- Supplied data
= Beginning of Section =

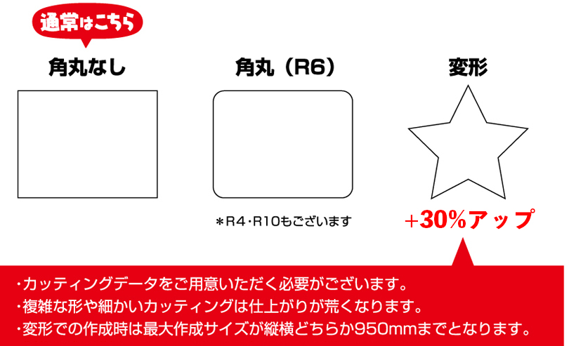 角の形状は下記の2種類からお選びいただけます。
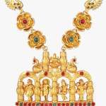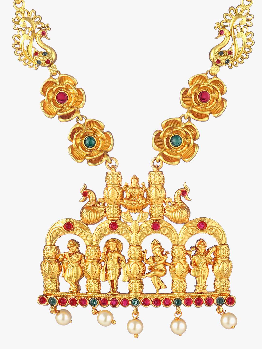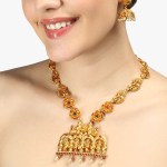 This Jewellery set consists of a necklace and a pair of earrings,24CT Gold-plated and Red and Green Stone-Studded stranded necklace with Temple artificial stones studded,with hook closure,A pair of matching earrings with artificial stones, secured with a post and back closure,Gold plating is long lasting and non allergic to skin.
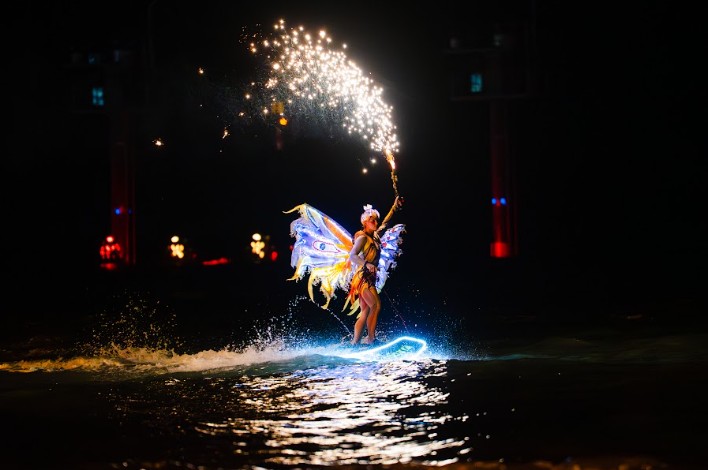 Toàn bộ show diễn được dàn dựng và biểu diễn trực tiếp trên mặt biển rộng hơn 50.000m², lấy cảm hứng từ truyền thuyết nàng tiên hạc Cát Bà và thuyết ngũ hành trong văn hóa phương Đông. Các vận động viên quốc tế đến từ khắp nơi trên thế giới phối hợp đồng bộ trong đội hình jetski, flyboard và jetsurf – những bộ môn thể thao mạo hiểm vốn đã thách thức ở điều kiện tiêu chuẩn, nay được lập trình theo hệ thống âm nhạc, ánh sáng, pháo hoa và laser khớp tới từng giây.
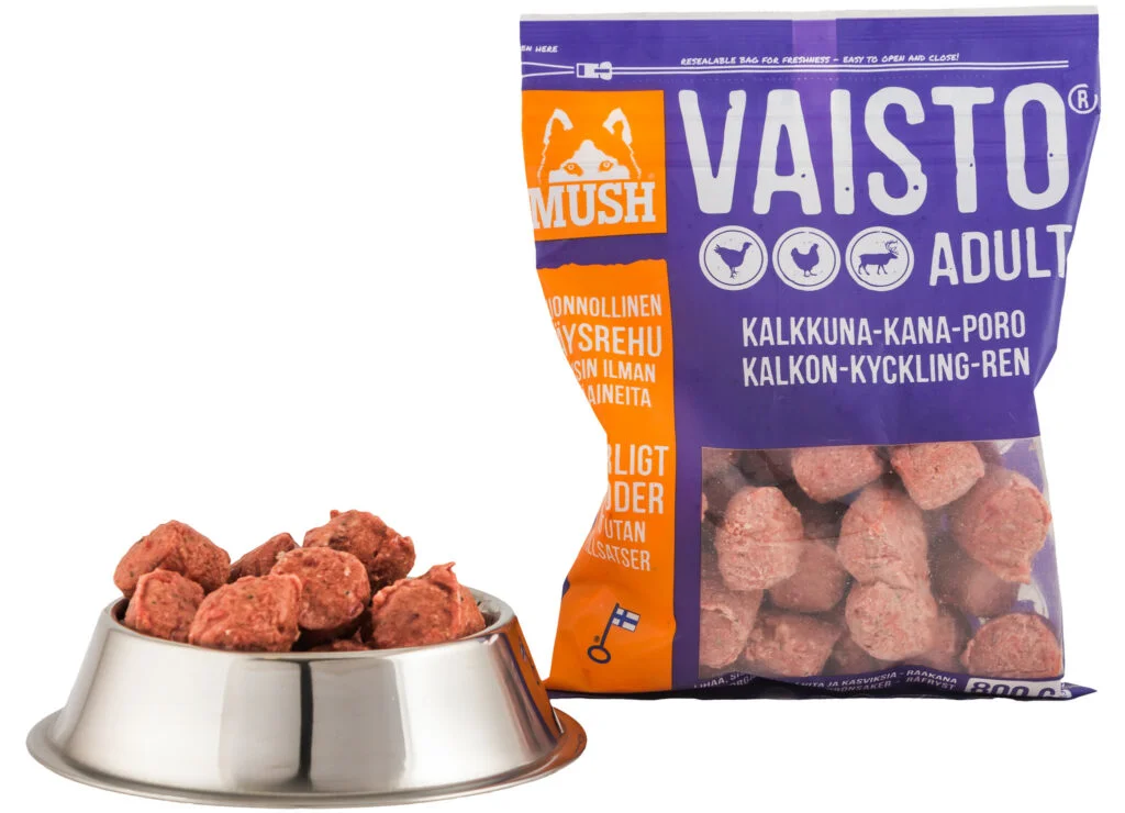 Vaisto Mush er produsert i Finland og jobbet ut i fra BARF begrepet “Biologically Appropriate Raw Food”, altså biologisk tilpasset til hunden og katten. Posene inneholder runde boller som gjør det lettere å tilpasse hvor mye hunden skal ha. Bollene er ca. 25 gram hver. Maten er fryst og må tines i porsjoner. For å gi hunden og katten den rette næringen er det brukt 3 forskjellige protein i hver variant. Blandingen av rått kjøtt, ben, fett, grønnsaker og frukt gir hunden og katten det de trenger av vitaminer, aminosyrer og mineraler. Fôret er kun tilsatt gode råvarer og inneholder ingen kunstige tilsetningsstoffer.

= End of Section =

- Assigned task
Could the lines from the top of the material through the line with "This Jewellery set" be repeated exactly, pictures left out?

- Exercise response
 角の形状は下記の2種類からお選びいただけます。
 This Jewellery set consists of a necklace and a pair of earrings,24CT Gold-plated and Red and Green Stone-Studded stranded necklace with Temple artificial stones studded,with hook closure,A pair of matching earrings with artificial stones, secured with a post and back closure,Gold plating is long lasting and non allergic to skin.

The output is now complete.